The detection of Cav2.2 protein is used as an example to explain the procedure. On day 14 following CCI, the animals were euthanized and the tissue of the ipsilateral dorsal horn of the spinal cord (L4-6 segments) was rapidly collected and frozen at −80 °C. Fifty grams of tissue were lysed in RIPA buffer with PMSF. The lysates were centrifuged, and protein contents in the supernatant were assessed by BCA assays. The proteins (30 μg per lane) were separated on 8% SDS-PAGE gels and transferred to PVDF membranes. The membranes were blocked (5% skim milk, 2 h) and then treated for 24 h with a rabbit monoclonal antibody against Cav2.2 (1:1000, Cat #: ACC-002, Alomone Labs, Israel) at 4 °C, followed by a goat anti-rabbit IgG secondary antibody (2 h, room temperature), ECL development for 2 min and X-ray imaging. A rabbit anti-ORL-1 antibody (1:2000, DF2834#257, Affinity) was used for the detection of ORL-1 protein, while a rabbit anti-SP antibody (1:2000, DF7522#257, Affinity) was used for the detection of SP protein. Protein expression level representation: The ratio of protein grayscale values to GADPH grayscale values in each group. Protein band densities were analyzed by Image J with normalization to GAPDH.

Immunofluorescence

Rats were anesthetized with sevoflurane and their hearts perfused with 4% paraformaldehyde. The L4-6 spinal cord tissue was immersed in 4% paraformaldehyde for 24 h, followed by dehydration using 20 and 30% sucrose, embedding with Tissue-Tek optimal cutting temperature (OCT), and storage at −80 °C. The tissue was sectioned (14 µm sections) using a cryostat and washed thoroughly in PBS before overnight exposure to primary antibodies against Cav2.2 (1:400, Alomone Labs) at 4 °C, followed by a secondary antibody (Dylight 488 Goat Anti-Rabbit IgG, 1:400, RS23220, ImmunoWay), DAPI counterstaining (10 µg/mL, SI101-01, SEVEN), and imaging under confocal laser microscopy (Olympus, Japan).
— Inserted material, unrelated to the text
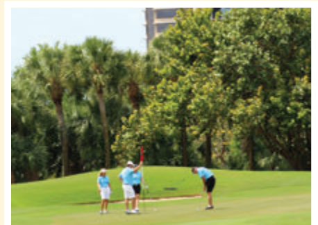
Golfers making the final putt

Bioinformatics Analysis of Cav2.2

Gene Ontology (GO) Analysis

The GSE212311 dataset was obtained from the GEO database at NCBI. The dataset contained information from the lumbar 4–6 dorsal root ganglia of CCI and sham-operated rats. Data were analyzed using the DEseq2 package in R. Differentially expressed genes (DEGs) were identified using the criterion of P.adj<0.05 and the DEGs underwent GO analysis using clusterProfiler in R.

Protein-Protein Interaction (PPI) Analysis

The STRING database (Version 12.0) was utilized to construct a PPI network of the target genes, namely CACNA1B (Cav2.2) and OPRL1 (ORL-1). The species was set to “rattus norvegicus”. The top five validated core molecules of the first layer interaction were extracted and presented in the figure.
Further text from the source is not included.